— Не могу привыкнуть к новому месту, Михалыч, — говорил он, — прежнего пейзажа нет. Стоят под окном чахлые, запыленные деревца, заслоняя солнце. Машины снуют по сто штук в минуту. И пишется плохо.
Я понимал Комарова. Здоровье его с каждым годом становилось хуже. Ездить далеко нельзя, а без общения с любимой дальневосточной природой поэт не мог жить.
...Нина Яковлевна пригласила к столу. Петру принесла на сковородке поджаренную на подсолнечном масле мелкую рыбешку, мне — два куска отварной кеты с картошкой.
— А ты, Степаныч, все еще мелкоту ешь.

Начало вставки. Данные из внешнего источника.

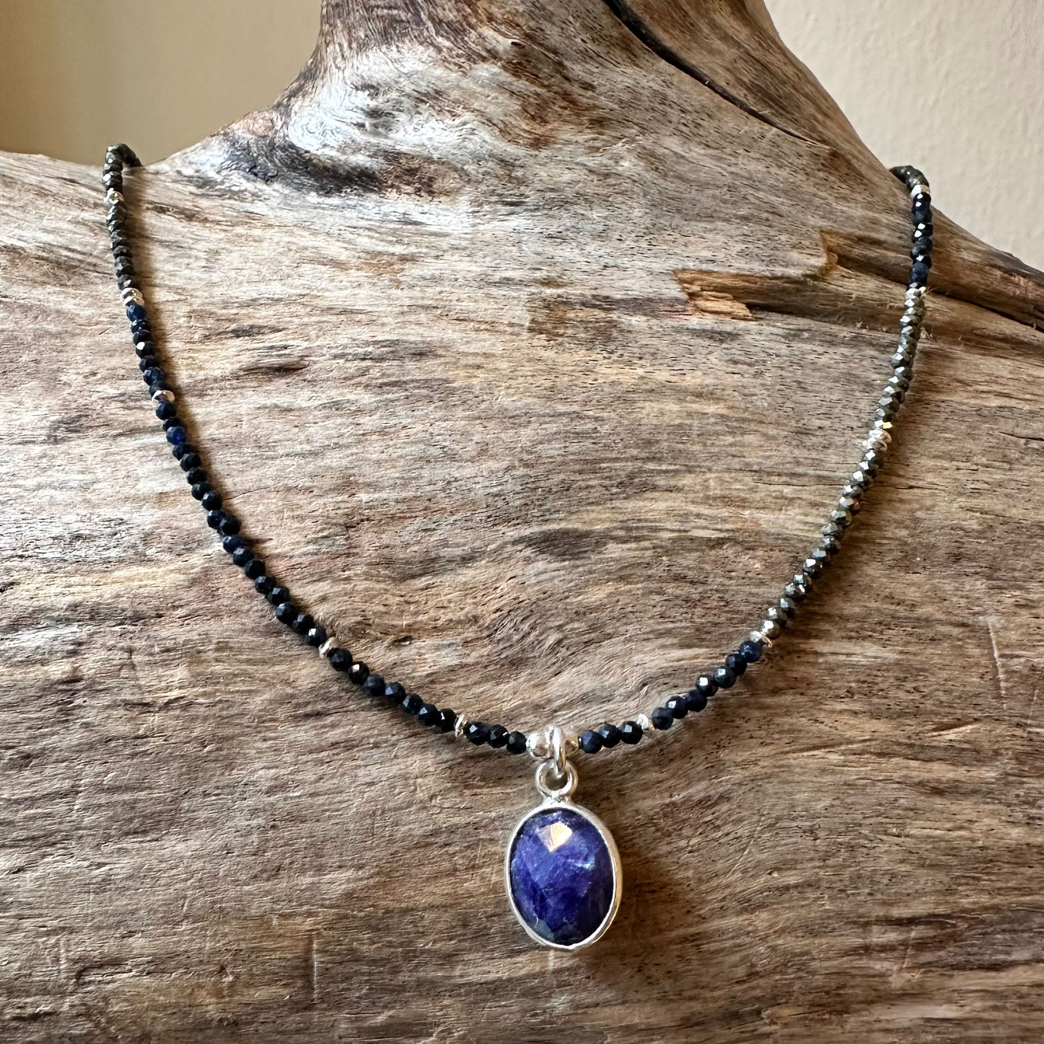 Kette facettierter Saphir, Hämatit und Sterlingsilber

И чаю, вероятно, тоже не пьешь.
Когда я жил у него на Серышевой, он хлебал один кипяток из кружки и то, кажется, без сахара.

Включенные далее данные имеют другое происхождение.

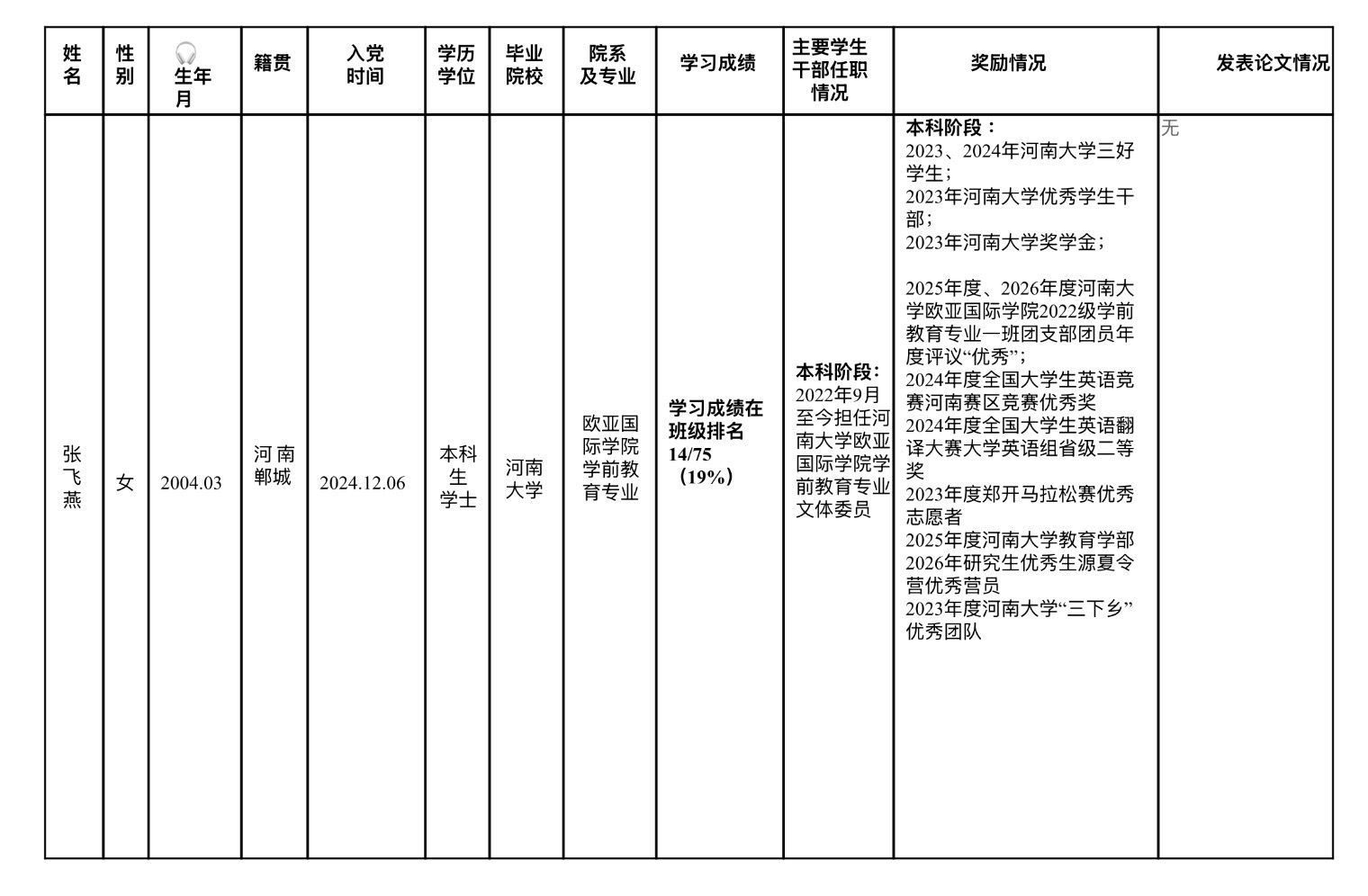 根据江苏省选调生工作相关要求,经过个人申请、学校审核推荐、笔试、面试等环节,21点规则 张飞燕同学入围2026年江苏省选调生考察人选,现将基本情况进行公示(详见图片),公示时间:2026年3月23日-3月29日。对入围人选如有意见,请于公示期内实名反映。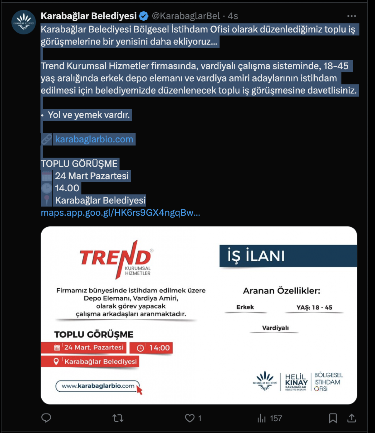 Trend Kurumsal Hizmetler firmasında, vardiyalı çalışma sisteminde, 18-45 yaş aralığında erkek depo elemanı ve vardiya amiri adaylarının istihdam edilmesi için belediyemizde düzenlenecek toplu iş görüşmesine davetlisiniz.

Комаров усмехнулся, прищурившись, посмотрел на меня:
— Так ведь таежник я и рыбак. А настоящие рыбаки, между прочим, только мелкую рыбку и едят.
Тайгу знал он с детства, а рыбак был отменный. Нина Яковлевна как-то рассказывала, что в годы войны, когда с продуктами было туговато, рыба в доме у них не переводилась. Сходит Петр на Амур, посидит с закидушкой или махалочкой, и, глядишь, ведерко щук и косаток есть.

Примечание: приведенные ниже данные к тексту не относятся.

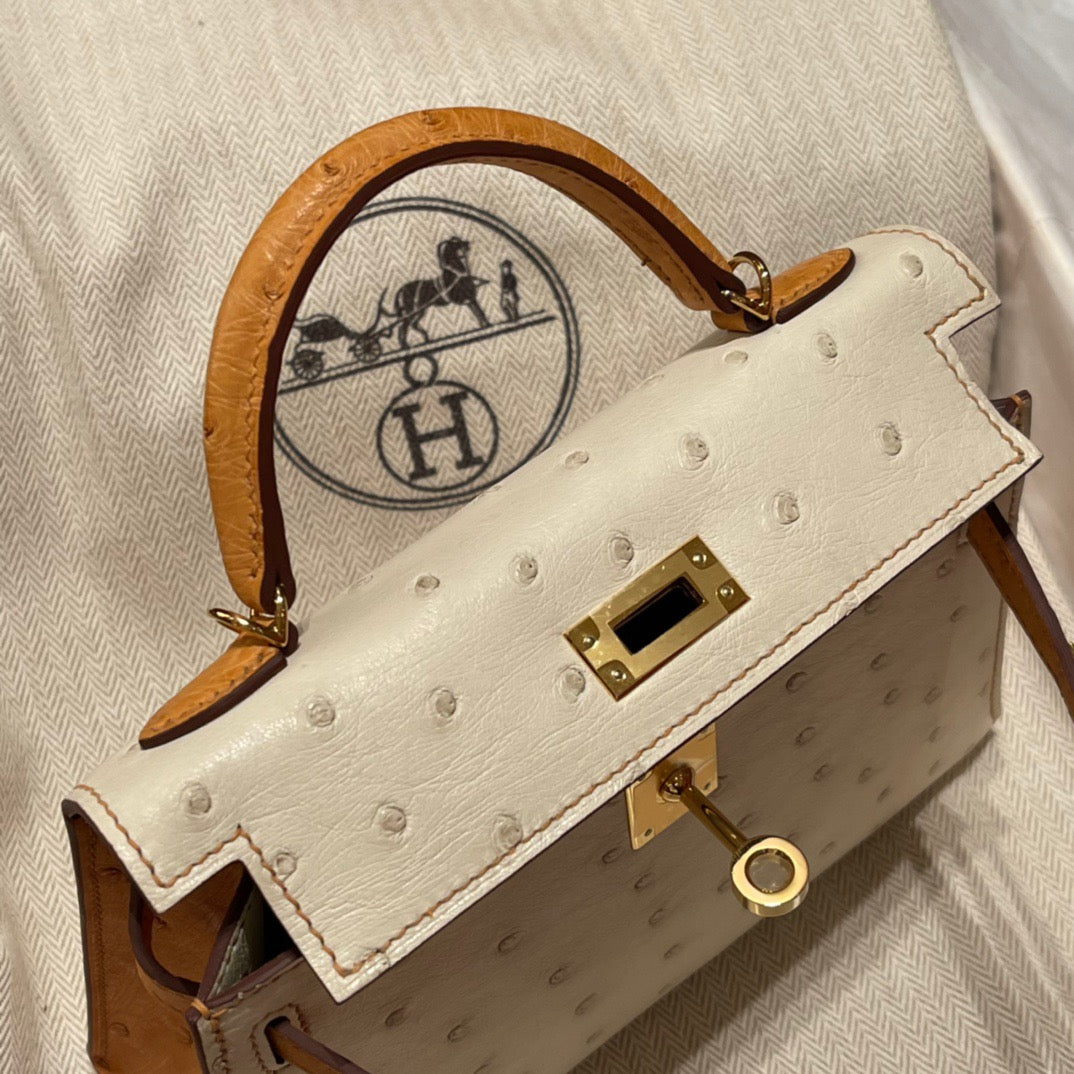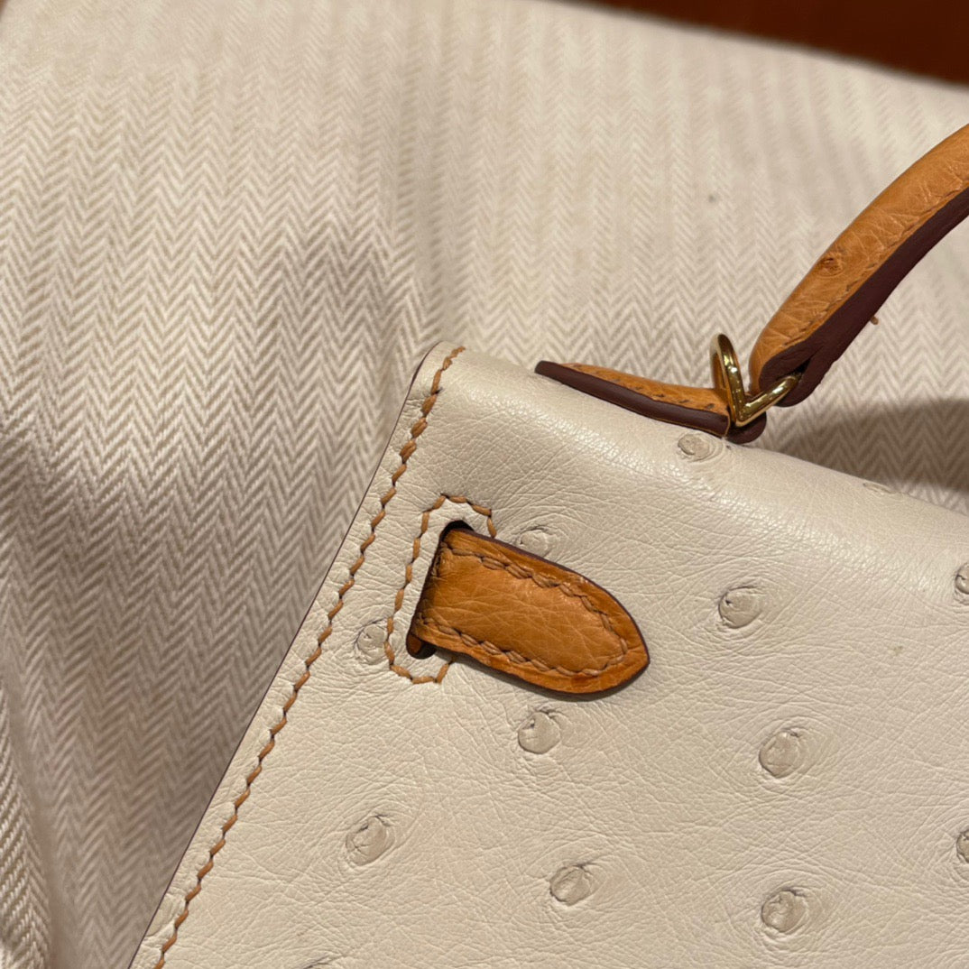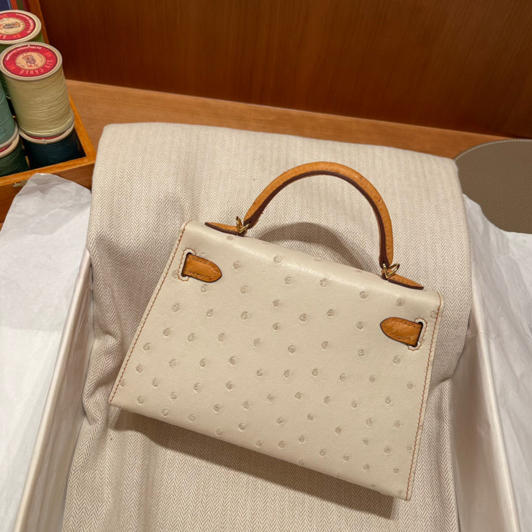 Hermes Kelly Mini II Sellier Handmade Bag In Beige Ostrich Leather

Недаром соседи в шутку называли Комарова рыбным колдуном.
— Наш Петенька с малолетства рыбалит, — замечает Татьяна Семеновна. — Когда мы жили на Зее, он по целым дням с удочкой не расставался.
Петр, жуя свою рыбешку вместе с косточками, хмурится, жмется.
— Я ж тебе, Михалыч, говорил, что меня тут за все нахваливают. То я певец Дальнего Востока чуть ли не самый голосистый, то рыбак замечательный, то охотник... Жаль, что на тигра ходить не пришлось, а то бы, наверно, сказали, что я герой похлеще самого старика Богачева.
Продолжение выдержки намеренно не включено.